A well-thought-out server error handling plan during application development is of vital importance in order to prevent information leakage. That’s because an error message is capable of forsaking insightful information about an application’s inner workings. Apart from giving up any information to the attacker, a planned error handling strategy is easier to maintain and saves the application from encountering any buildup of uncaught errors.
How server error messages are harmful
It is common for an application to encounter unexpected behavior but in absence of proper error handling mechanisms, applications by default print a stack trace for the error. The stack trace is debugging information about the error which also includes information about the path of files and often the piece of code where the error originated.
This information can be exploited by the attacker in numerous ways:
- Directory traversal attack: With the error message, it becomes easier for the attacker to know the exact location of the required files by placing the appropriate number of ../ in the path traversal.

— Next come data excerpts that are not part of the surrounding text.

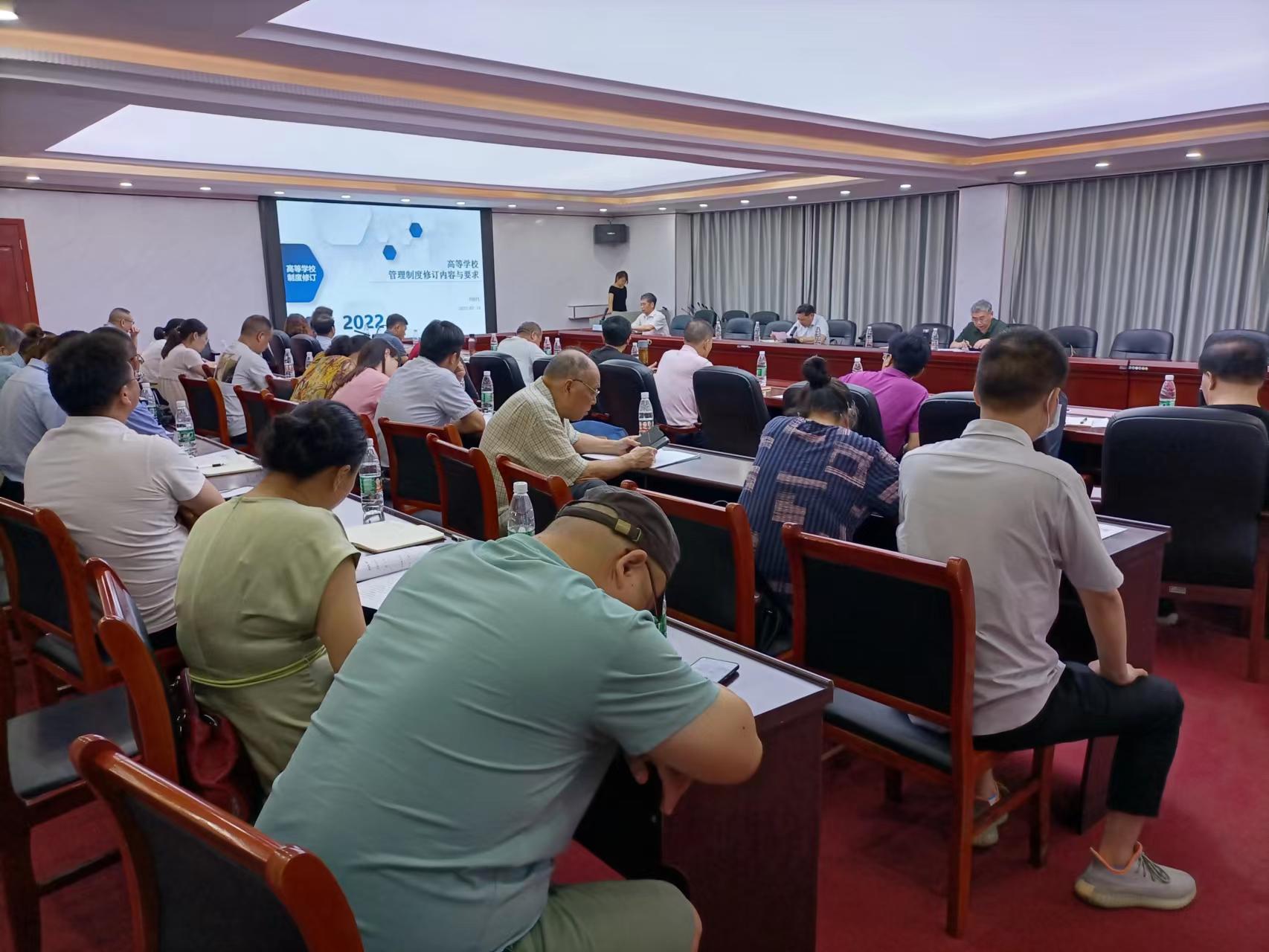 樊晓平指出,管理制度规范化建设工作是学校推进治理体系和治理能力现代化建设的重要举措,是促进学校事业健康有序发展的内在要求,也是本科教学合格评估指标体系的一项重要内容。2020年底,进行了一次规章制度的修订,有了一定的基础,总体框架基本成型。但有些制度重复、交叉,有些制度表述不够准确,有待进一步修订,牵头部门要在近期集中组织力量对文稿进行进一步的修订和完善。樊晓平要求各相关职能部门、各二级学院负责人提高认识,依法治校;高度重视本次制度汇编工作,在汇编过程中科学编排、系统把握;加强协调沟通、认真归纳梳理、注重查漏补缺。并要求办公室根据学校实际,按照突出重点、体现发展、统筹兼顾的原则认真开展征集意见、增补修订、重新校对等工作,力争把全校规章制度汇编成管理工作的“百科全书”。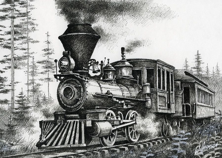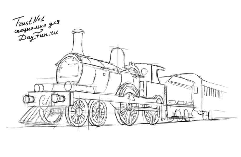 Паровоз рисунок карандашом
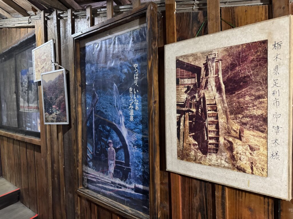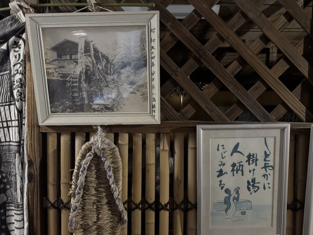 受付に入って左側に進むと、浴場まで続く通路に出ます。およそ30秒ほど歩くと浴場に到着するのですが、この廊下の両側に展示されている写真や新聞の切り抜き、ポスター、色紙等が、宿の歴史を感じさせてくれます。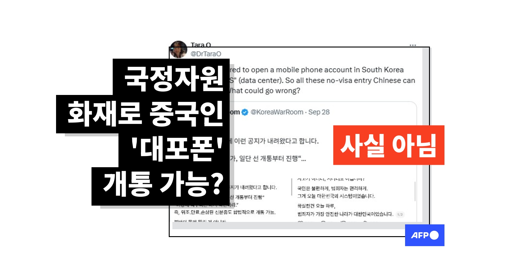 저작권 © AFP 2017-2025. 모든 권리 보유. 사용자는 웹사이트의 정보를 개인적인 용도나 비영리적인 목적으로 사용할 수 있습니다. AFP와 계약 없이 저작물의 일부나 전체를 복사, 출판, 방송하는 것은 엄격히 금합니다. 팩트체킹 콘텐츠 내에 묘사된 부분과 링크 형태로 첨부된 부분은 관련 정보의 이해를 돕기 위한 것입니다. AFP는 서드파티 콘텐츠 제작자나 저작권자로 부터 어떤 권한도 받지 않았기에 이에 따른 법적 책임을 지지 않습니다. AFP와 AFP 로고는 등록된 상표입니다.
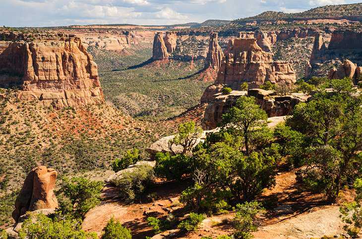 就在大章克申镇外,附近的Fruita是科罗拉多国家纪念碑。一条风景优美的道路蜿蜒穿过一些优美的风景。这不是典型的山地风光,而是巨大的岩石尖顶,悬崖壁,峡谷和沙漠般的环境,小树和灌木丛。大多数人沿着Rim Rock Drive沿着纪念碑行驶,并停在俯瞰下方景观的了望台上。这条路也是一个受欢迎的公路自行车区,酣畅淋漓的灵魂一直在前往观景台。许多日间徒步旅行通往纪念碑的一些风景区,其中大部分涉及中等高度变化,范围从大约300英尺到超过1,000英尺。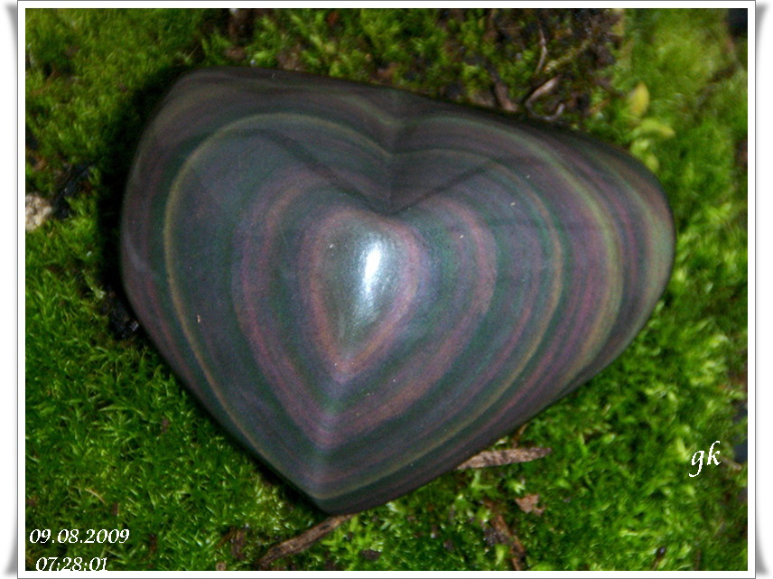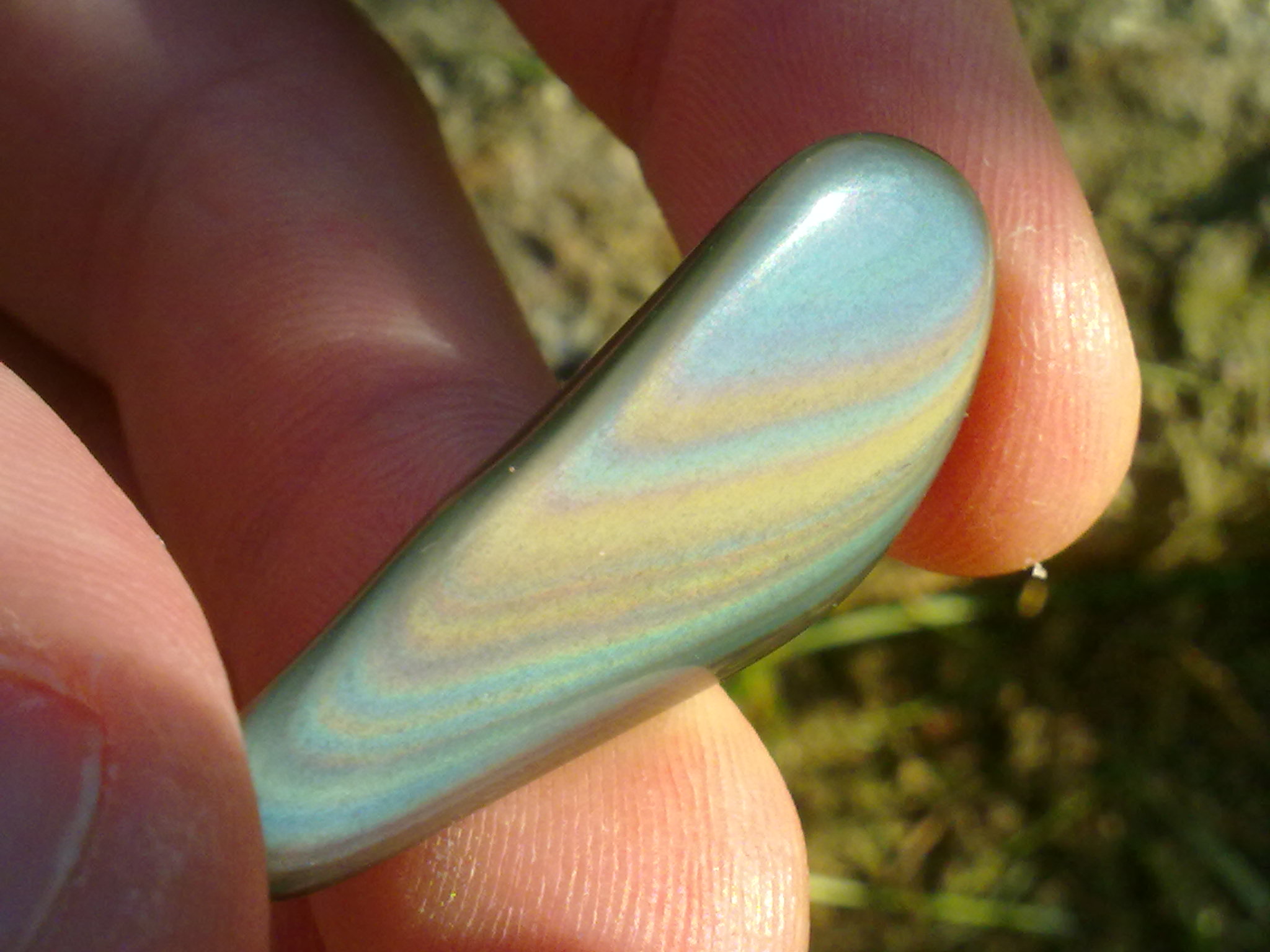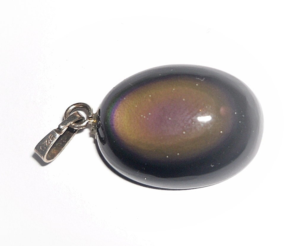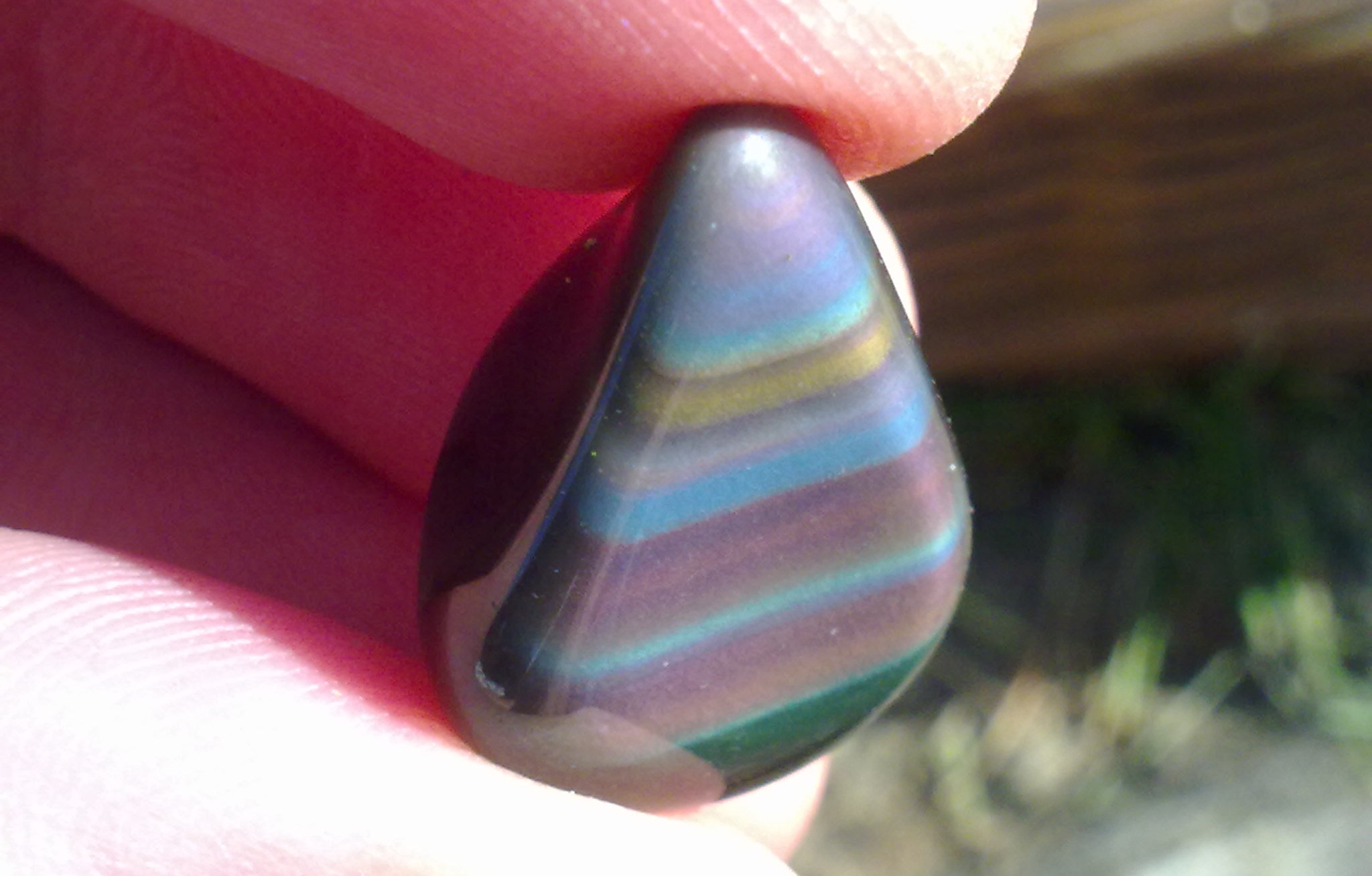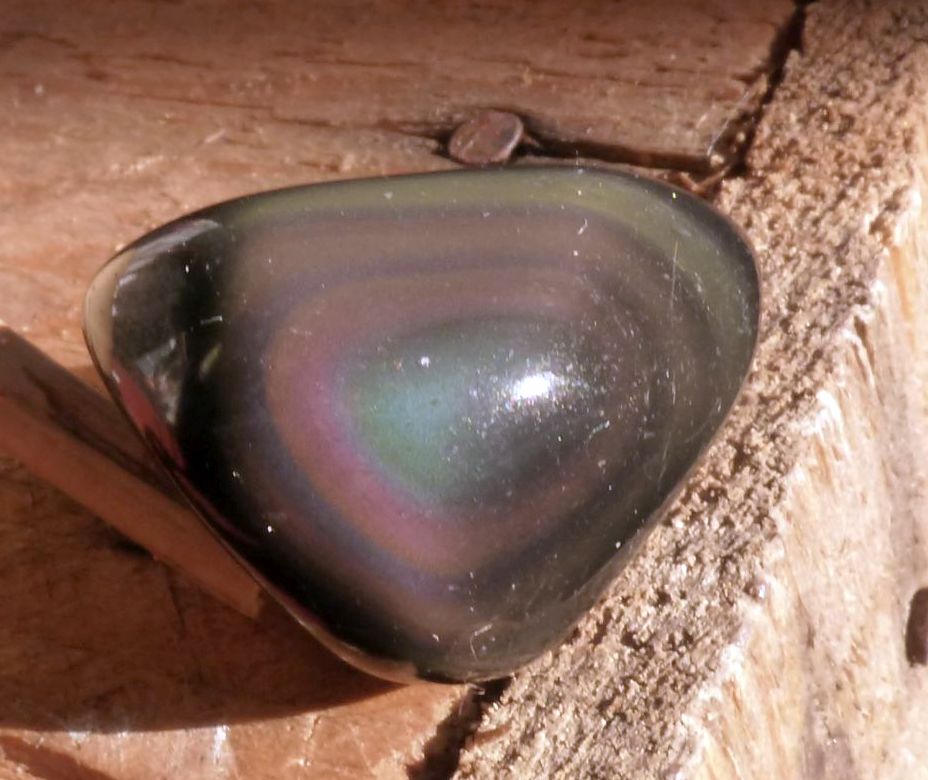 Mein Regenbogenobsidian, der wie ein Obsidianspiegel geschliffen ist.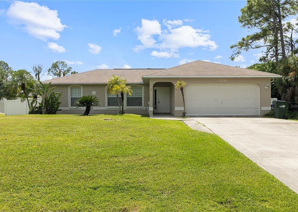 With immediate availability, this home offers a lot of bang for the buck. Centralized location with close proximity to retail, dining and I-75 for the commuter. Through the doors and into an open floor plan accented with tile flooring. High ceilings and decorative niches add aesthetic appeal. The kitchen looks out upon the living room and dining area with breakfast bar seating for snack time. Catch up with the day's events as dinner is being prepared. For privacy, the master suite sits opposite of the guest bedrooms. Large walk-in closet so no complaints about sharing the space. Out the sliders to your sanctuary. Your living space expands into the covered lanai with is air conditioned for year round comfort. The convenience of an interior laundry with a washer and dryer. North Port is rapidly growing and remains family focused. Much to offer in terms of education, recreation, retail, and dining. This is a community to plant roots and call home!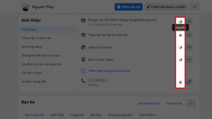 Bước 3: Sau đó, tại mục Giới thiệu -> Nhấn vào biểu tượng chế độ chia sẻ thông tin ở phía sau mỗi thông tin.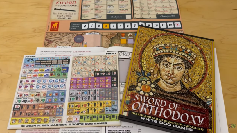 Sword of Orthodoxy is a strategic solitaire game of the rise and fall of the Byzantine Empire, simulating its saga from 421 AD until the end of the 15th century – an epic thousand year tale of heroism, betrayal, intrigue, and spectacular cultural achievements.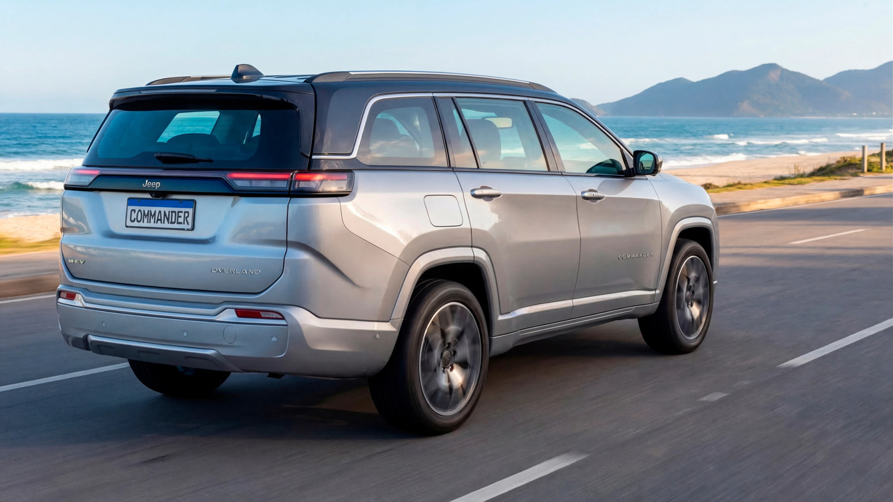 As versões Limited e Overland, recebem uma discreta plaqueta MHEV (Veículo Elétrico Híbrido Leve) no lado esquerdo da porta de carga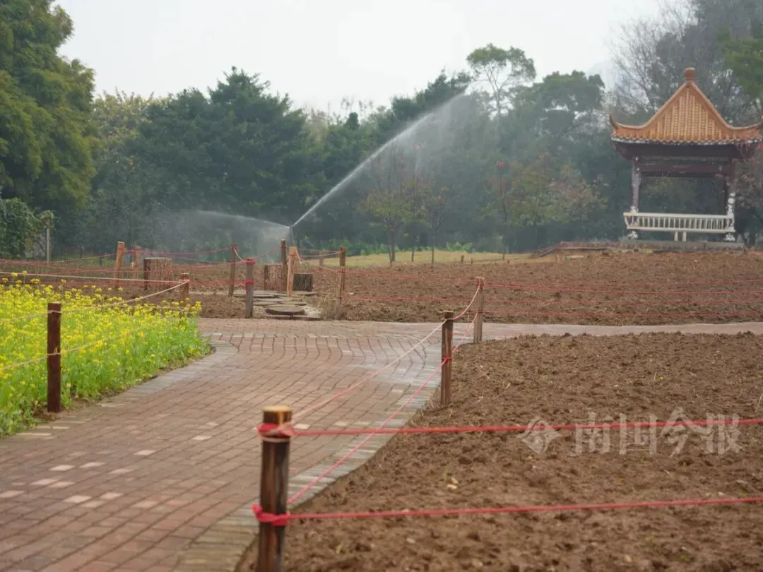 远处,智慧喷淋系统正在给花地浇灌,几名工作人员穿梭其间进行日常管护。记者留意到,这几块花田的油菜花株高参差不齐,旁边还有几块刚翻新的空地。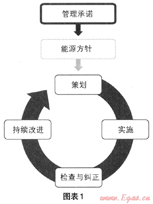 用能企業(yè)是實現(xiàn)能源節(jié)約的核心。在以節(jié)能減排為重要目標(biāo)的指引下,企業(yè)使用任何能源,都應(yīng)制定一個基本的控制程序,形成一個有效能源管理體系運行模式。企業(yè)為兌現(xiàn)管理承諾和實現(xiàn)能源方針應(yīng)進行策劃-實施-檢查與糾正-持續(xù)改進(PDCA)等過程。圖示如下(圖表1):

- SQL Injection: Even if the best defense mechanisms are in place to prevent injection attacks, information obtained through the query logic code (snippet from server error messages) might reveal to the attacker an innovative way to attack the application.
Mitigating against Server Error Message Disclosure
Mitigation against server error message disclosure is to be employed at both application and server level. Below are mentioned a few examples for doing the same.
When an application shows a user an error, error message should be able to explain the cause of the error. Instead of a normal stack trace which enables an attacker to learn extra information about the system. For example- If a user presses ” ‘ ” by mistake( or intentionally), the application instead of printing complete error details including programming logic must tell “Error caused because of unsupported characters, please check your input”
Another method is the proper input sanitization. Often errors caused in the application are because of some unsupported characters such as ” ” ‘ / < > ” . Proper sanitization techniques must be employed to ensure that no such characters are passed into the application.
Server level error message handling refers to the custom error messages for the application. In the section given below, methods to create custom error messages is given for the most common servers.
Apache web server
All the error handling in the case of the apache server is done using the ErrorDocument tag. Syntax of the tag is ErrorDocument <3-digit-code> <action> . More details about the same can be found on this page.
Microsoft web server
It is not difficult to add custom error pages on an IIS server. Official Microsoft’ guide explains the process in their help section which is as follows.
- Open IIS manager
- In features, view lies Error pages tag
- There is an Add Custom Error page along with a status code box, which requires the user to input the status code for that error page.
- These steps should be followed to properly configure the custom error pages and the following needs to be done in the response action.
- Select Insert content from static file into the error response to serve static content.
- Select Execute a URL on this site to serve dynamic content.
- Select Respond with a 302 redirect to redirect client browsers to a different URL that contains the custom error file.
- In the File Path text box, one needs to enter the path according to the selection made by the user. A more detailed explanation about the same can be found here.
Nginx web server
Following the given steps would enable you to make custom pages for your Nginx servers.
- Create a custom error page in the root directory. (suppose it being 402.html)
- Now one needs to edit the configuration file in the Nginx server, various editors can be used for the purpose such as vim, nano, etc.
If you can not find help for the server your application runs on. Reach out to us for help.
Any application is as secure as its weakest link. Often ignored by developers, custom error pages provides an additional security to the application by hiding the internal structure and in many cases by hiding the logic code implemented by the programmers in the server error messages returned by the application.